─── Input data

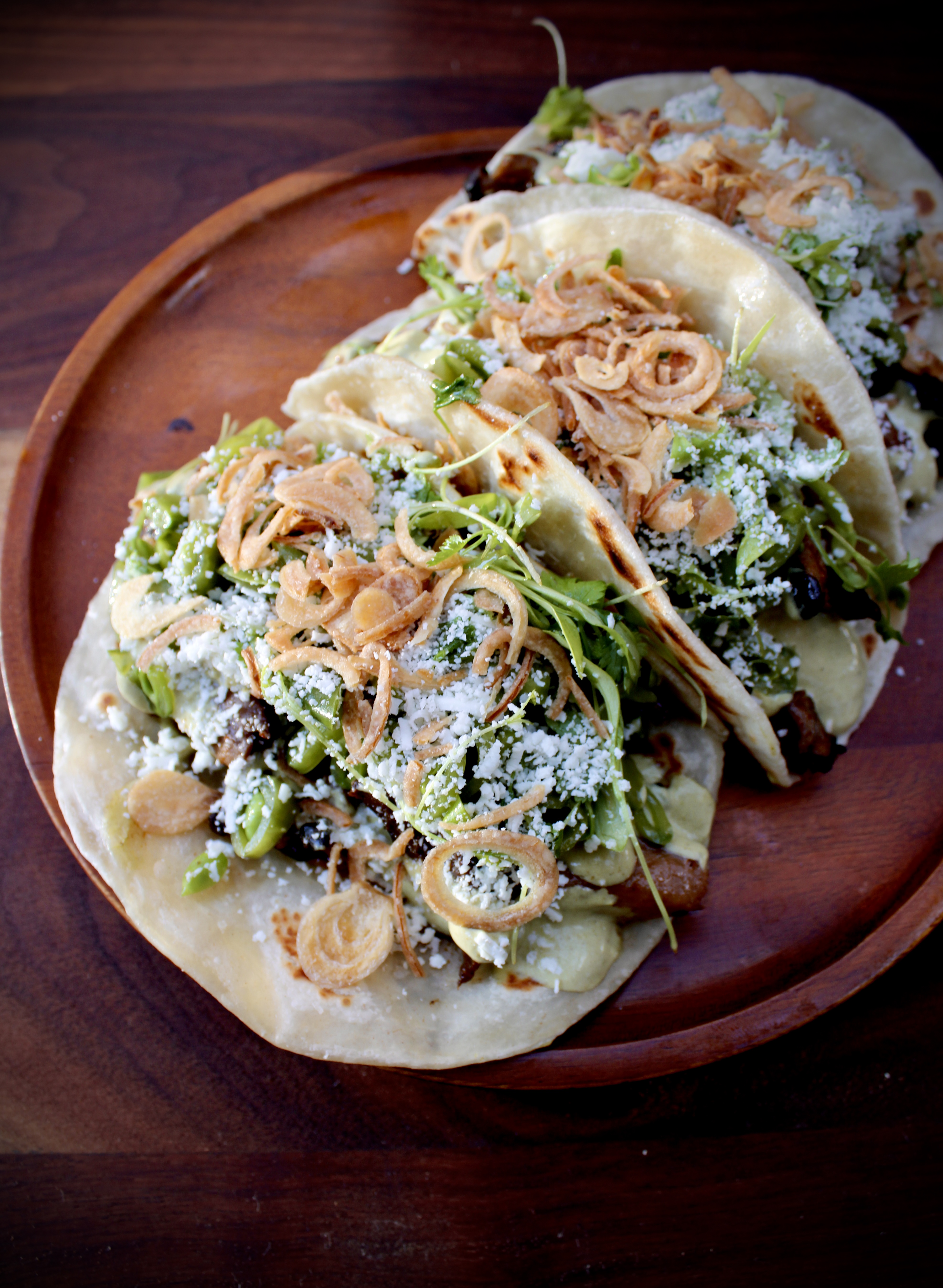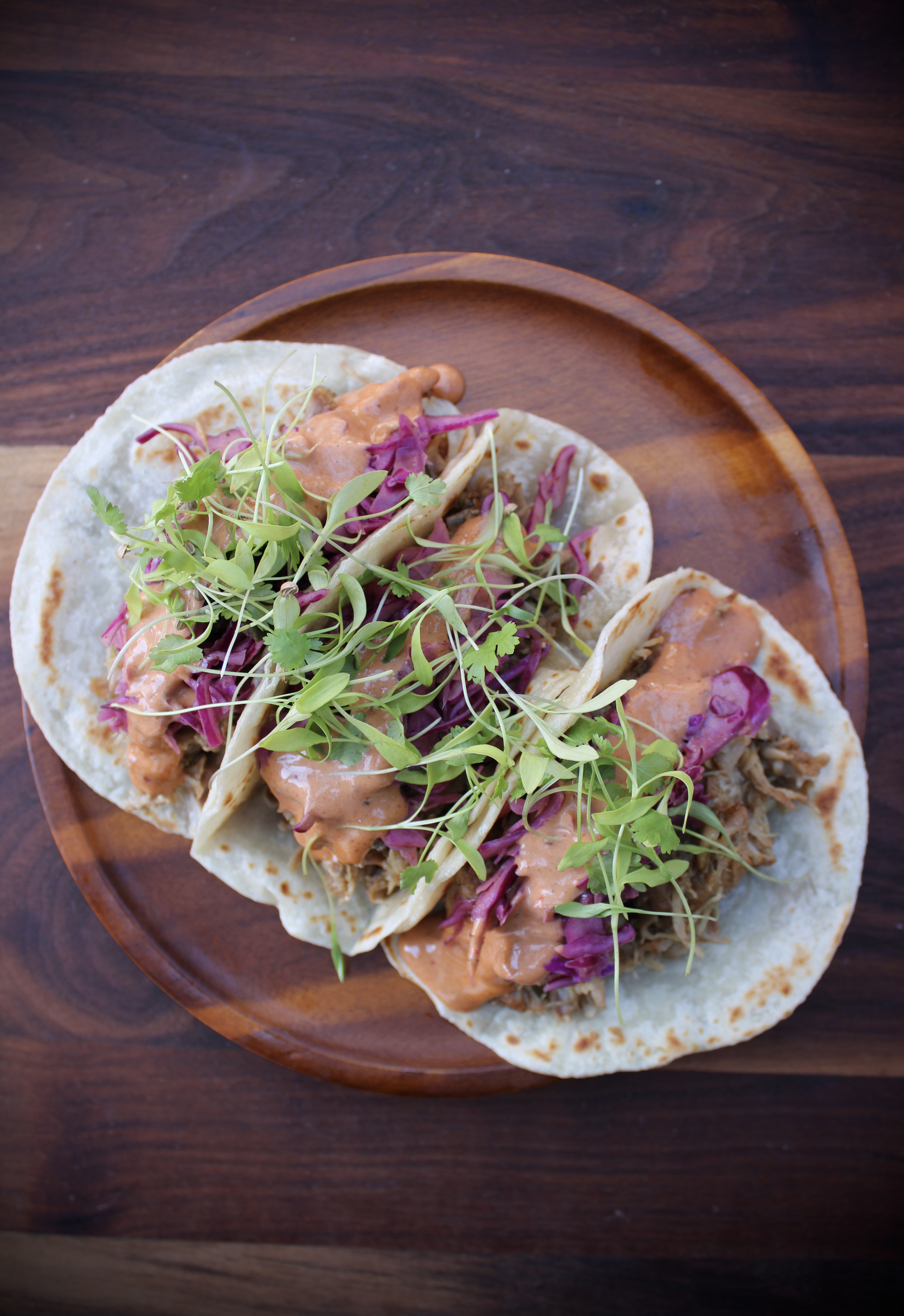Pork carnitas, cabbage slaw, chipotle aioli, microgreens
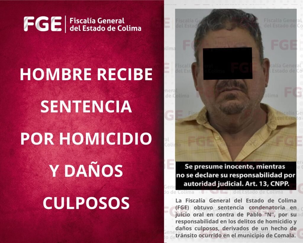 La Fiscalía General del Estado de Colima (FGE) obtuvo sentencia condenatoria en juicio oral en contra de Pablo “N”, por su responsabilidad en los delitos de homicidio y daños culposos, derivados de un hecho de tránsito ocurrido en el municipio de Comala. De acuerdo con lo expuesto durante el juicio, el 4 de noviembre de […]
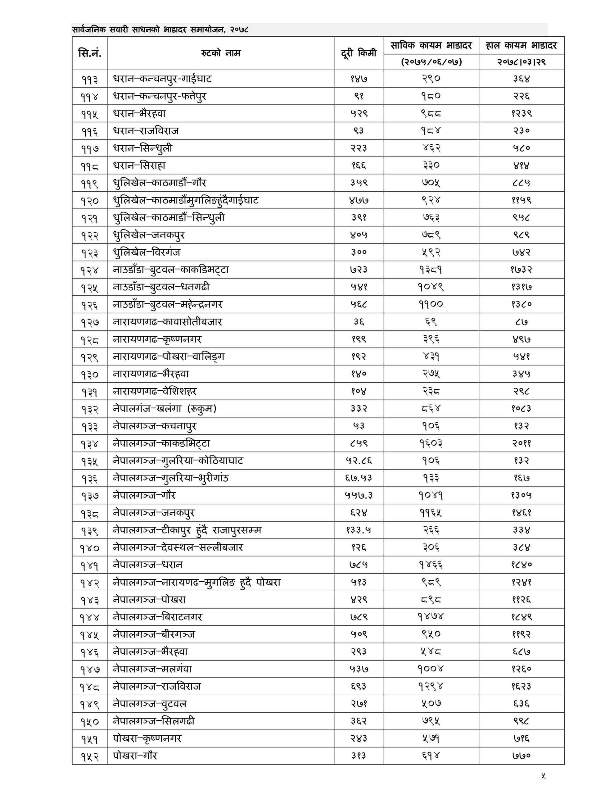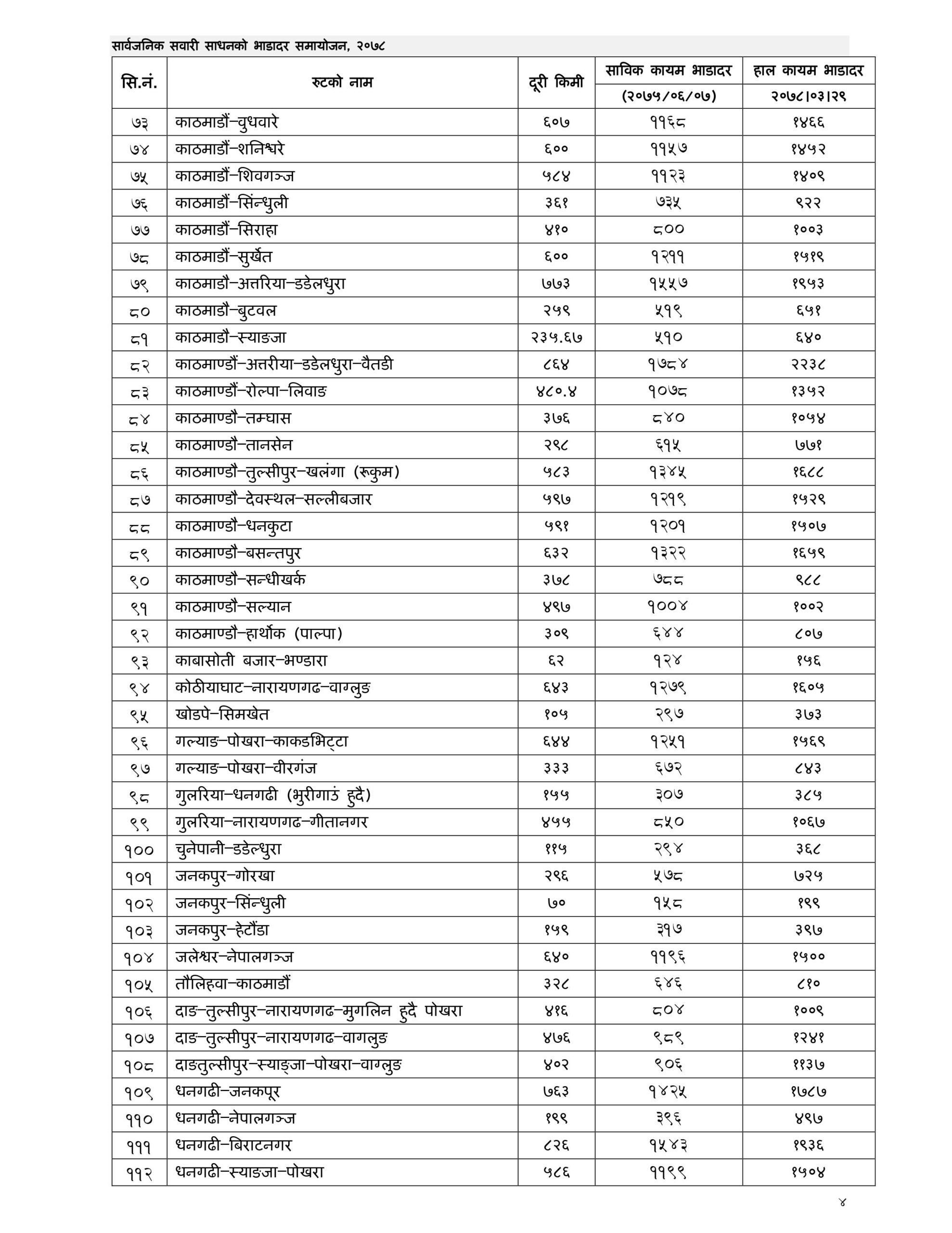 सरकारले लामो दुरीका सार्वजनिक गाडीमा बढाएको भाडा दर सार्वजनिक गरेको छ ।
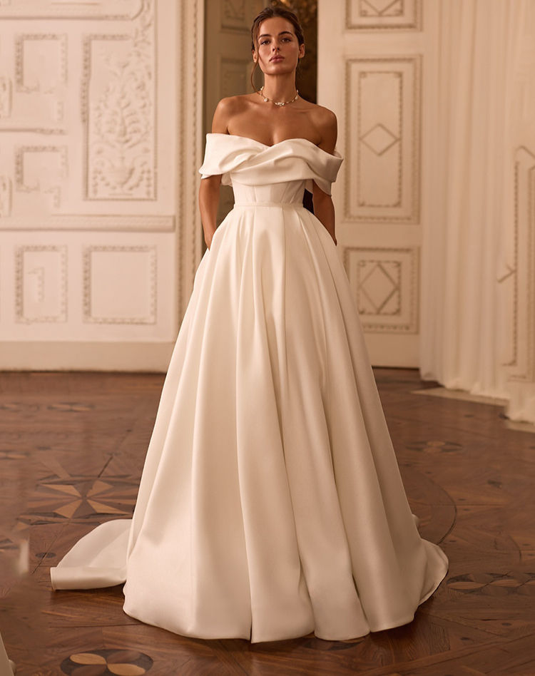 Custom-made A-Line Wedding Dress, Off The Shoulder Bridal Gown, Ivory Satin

──────
─── Input data

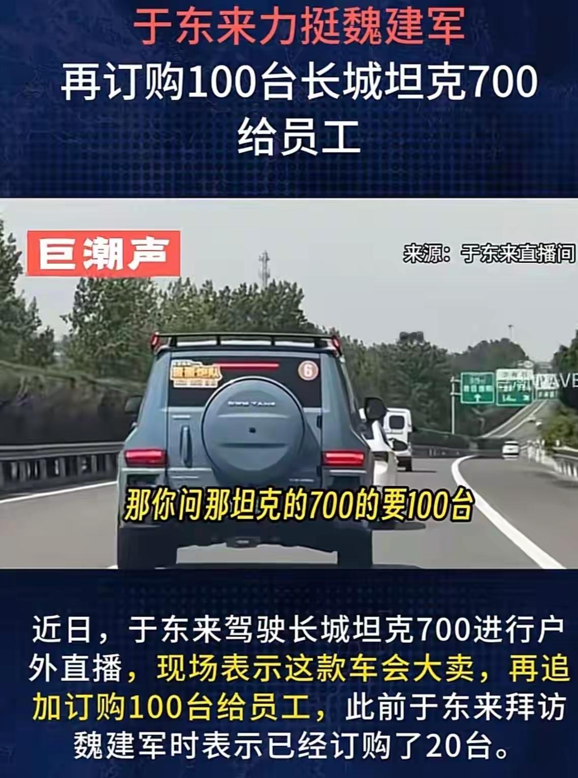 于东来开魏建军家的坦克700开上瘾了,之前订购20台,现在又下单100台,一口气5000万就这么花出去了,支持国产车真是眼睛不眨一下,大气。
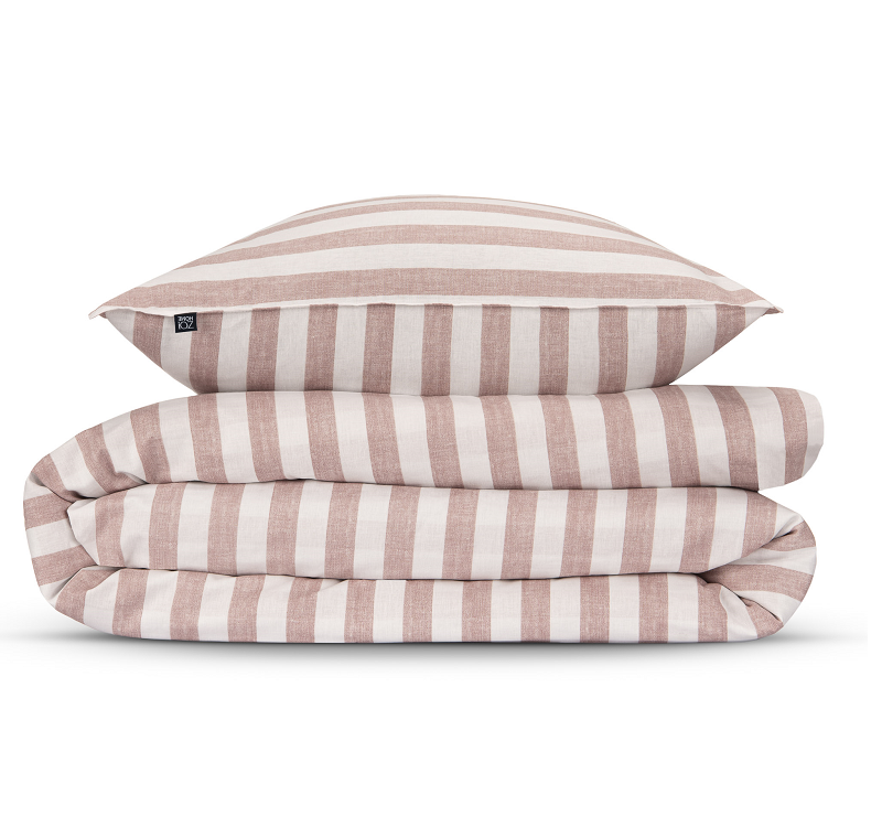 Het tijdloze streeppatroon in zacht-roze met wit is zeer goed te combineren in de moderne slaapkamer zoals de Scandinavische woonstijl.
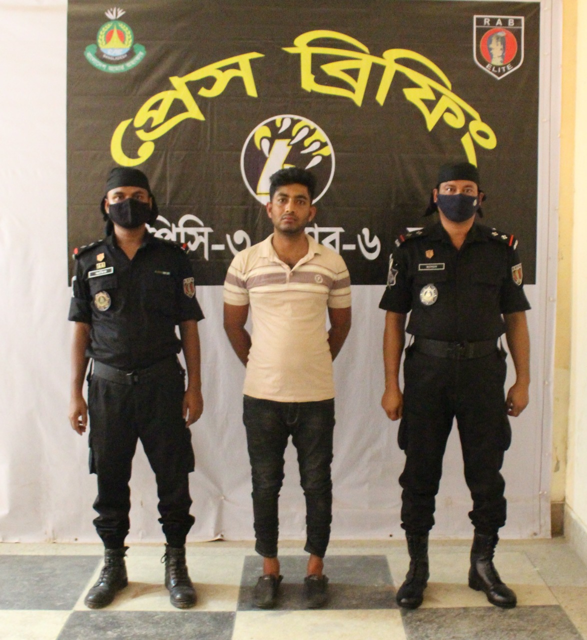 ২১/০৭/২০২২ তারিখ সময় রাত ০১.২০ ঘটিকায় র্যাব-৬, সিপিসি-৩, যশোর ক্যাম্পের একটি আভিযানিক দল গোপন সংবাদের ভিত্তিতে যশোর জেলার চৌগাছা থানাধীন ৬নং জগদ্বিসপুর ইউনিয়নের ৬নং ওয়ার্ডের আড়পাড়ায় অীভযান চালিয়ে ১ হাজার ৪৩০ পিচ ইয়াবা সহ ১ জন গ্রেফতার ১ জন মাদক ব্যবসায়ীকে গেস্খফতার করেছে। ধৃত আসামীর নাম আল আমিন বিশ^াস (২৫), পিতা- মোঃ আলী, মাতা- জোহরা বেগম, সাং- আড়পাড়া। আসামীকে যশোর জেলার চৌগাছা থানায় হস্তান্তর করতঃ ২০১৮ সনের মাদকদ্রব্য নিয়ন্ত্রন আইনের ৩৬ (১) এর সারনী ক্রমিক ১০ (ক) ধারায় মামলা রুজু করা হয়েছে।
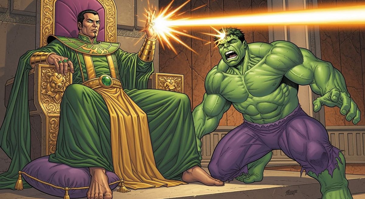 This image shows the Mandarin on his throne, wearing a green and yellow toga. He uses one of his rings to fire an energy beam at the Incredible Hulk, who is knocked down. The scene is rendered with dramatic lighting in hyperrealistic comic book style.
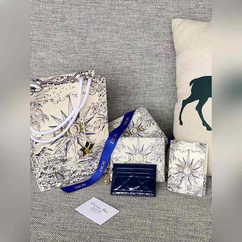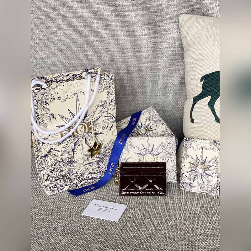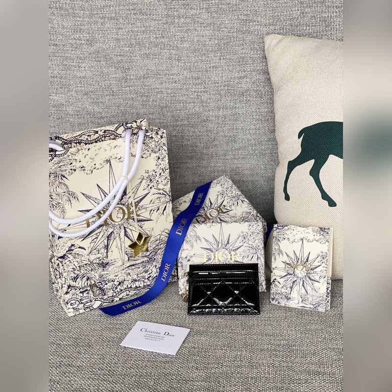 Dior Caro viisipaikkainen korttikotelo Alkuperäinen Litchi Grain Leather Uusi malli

──────
─── Input data

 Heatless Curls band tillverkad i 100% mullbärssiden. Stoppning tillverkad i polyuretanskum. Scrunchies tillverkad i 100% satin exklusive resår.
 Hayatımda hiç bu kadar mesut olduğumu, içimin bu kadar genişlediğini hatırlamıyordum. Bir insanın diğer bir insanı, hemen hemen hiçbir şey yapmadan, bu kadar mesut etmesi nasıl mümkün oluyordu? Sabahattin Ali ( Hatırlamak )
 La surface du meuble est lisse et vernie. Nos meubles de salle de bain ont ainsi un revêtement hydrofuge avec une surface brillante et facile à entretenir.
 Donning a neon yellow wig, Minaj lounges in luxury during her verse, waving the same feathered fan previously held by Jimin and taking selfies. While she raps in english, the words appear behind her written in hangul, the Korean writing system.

──────

Everything starting at the line containing "La surface du" and ending at the line containing "Donning a neon" in the records above should be repeated exactly, and only that.

### [Your solution]
 La surface du meuble est lisse et vernie. Nos meubles de salle de bain ont ainsi un revêtement hydrofuge avec une surface brillante et facile à entretenir.
 Donning a neon yellow wig, Minaj lounges in luxury during her verse, waving the same feathered fan previously held by Jimin and taking selfies. While she raps in english, the words appear behind her written in hangul, the Korean writing system.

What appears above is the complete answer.